Giving an infant a probiotic during the first three months of life appears to reduce the onset of gastrointestinal disorders and result in lower associated costs, according to a study by Flavia Indrio, M.D., of the Aldo Moro University of Bari, Italy, and colleagues.
Infant colic, acid reflux and constipation are the most common gastrointestinal disorders that lead to a pediatrician referral during the first six months of life. They are often responsible for hospitalization, feeding changes, use of drugs, parental anxiety and loss of parental working days, according to the study background.
Researchers randomized 554 newborns in nine pediatric units in Italy to the probiotic Lactobacillus reuteri DSM 17938 (L reuteri DSM 17938) or placebo for 90 days, and asked parents to record in diary entries the number of vomiting episodes and evacuations (emptying of the bowels), the duration of inconsolable crying and the number of pediatrician visits. Change in daily crying time, vomiting, constipation and the cost benefits of probiotic supplement use was measured during the three month period.

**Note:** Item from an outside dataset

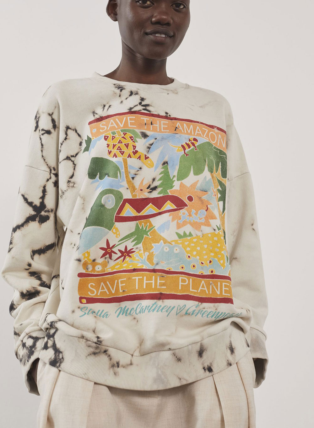「ステラ マッカートニーは、設立当初からベジタリアンブランドであり続けています。ブランドのアニバーサリーを祝すと同時に、私たちが直面している重要な課題への意識向上のため、グリーンピースのような素晴らしい団体をサポートできることは、このうえない誇りです。2021年には、物事がこれまでの日常に戻るのではなく、さらにマインドフルな生活に戻ることを願っています。特に、私たちの決断においてはなおさらです。アマゾンをはじめとする大切な森林は、世界中で販売される食肉や乳製品の生産のために破壊されるべきではありません。日々の食事で摂取する肉を削減することは、アマゾンの森林破壊を防ぎ、生命維持に不可欠なエコシステム、そして地球の気候を未来の世代のために守ることにつながるのです。」
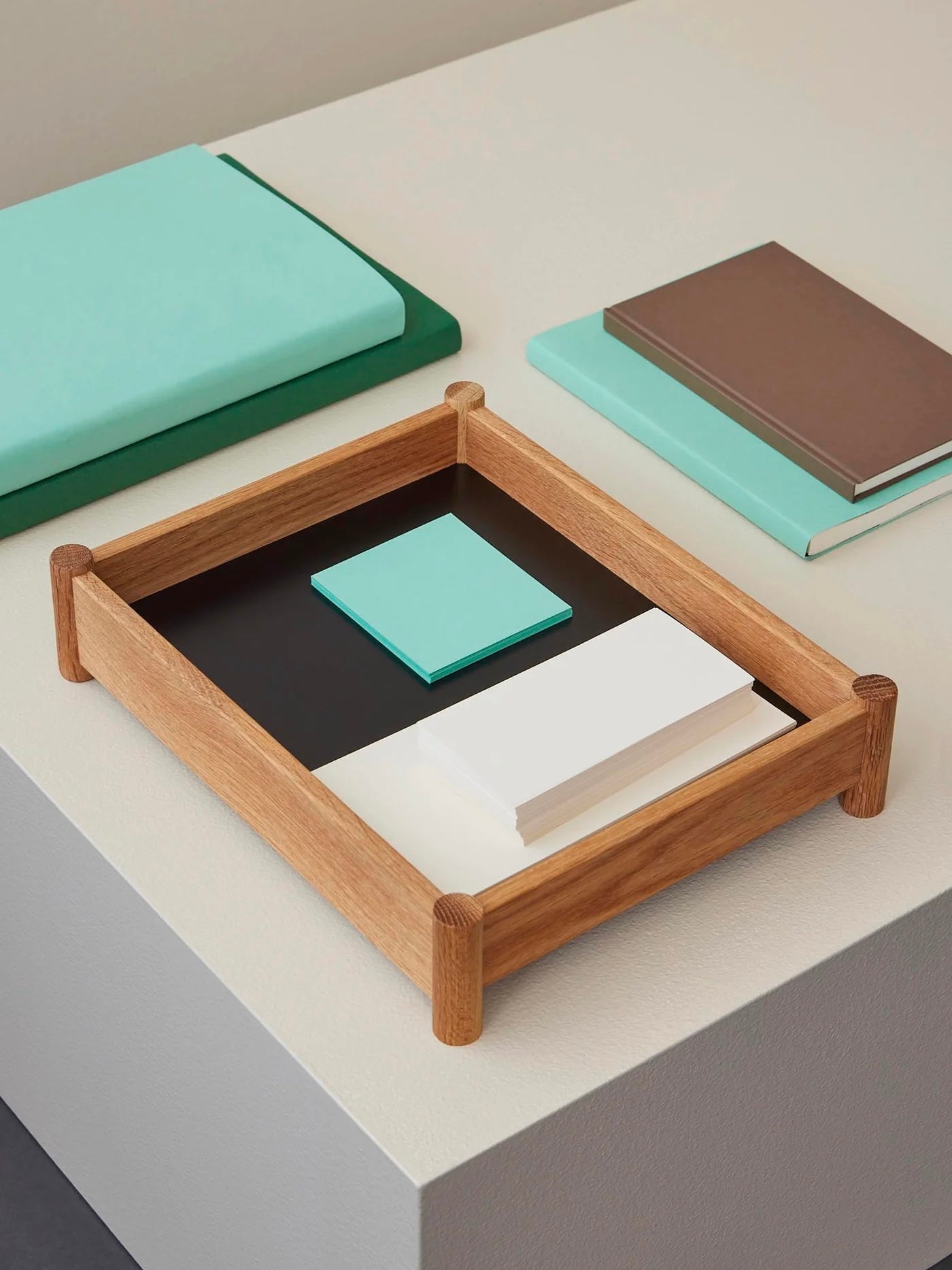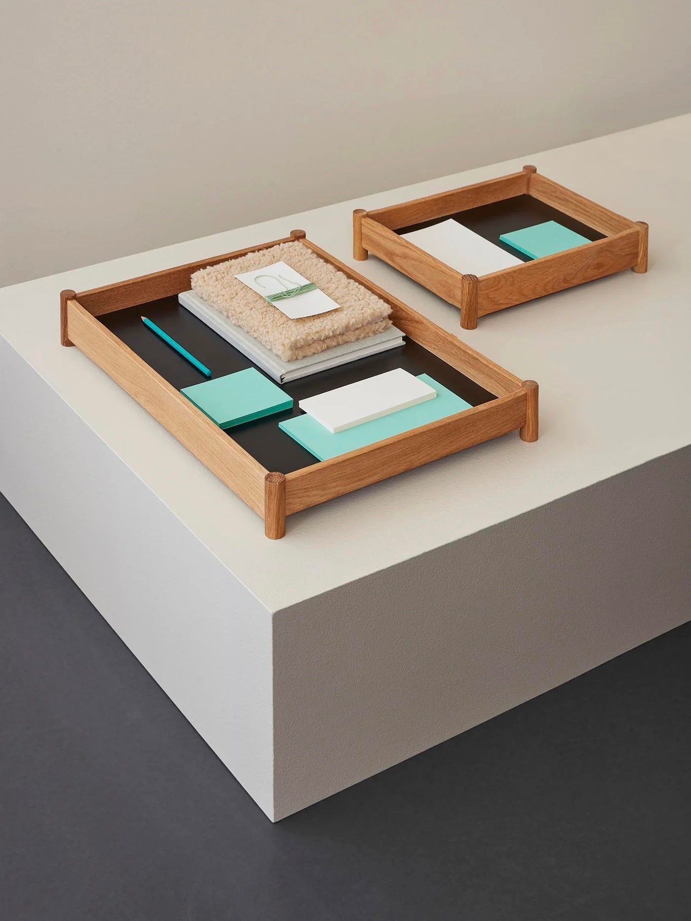 Schönes Serviertablett in schlichtem dänischen Design aus Eichenholz mit schwarzem Furnierboden. Auch als Ablage für Schlüssel oder im Bad zu nutzen. In 2 Größen erhältlich.

At three months of age, the average duration of crying time (38 vs. 71 minutes), regurgitations (2.9 vs. 4.6) and evacuations per day (4.2 vs. 3.6) differed in the probiotic and placebo groups, respectively. Probiotic use also was associated with a nearly $119 average savings per patient in each family.
"Driving a change of colonization during the first weeks of life through giving lactobacilli may promote an improvement in intestinal permeability; visceral sensitivity and mast cell density and probiotic administration may represent a new strategy for preventing these conditions, at least in predisposed children," the authors conclude.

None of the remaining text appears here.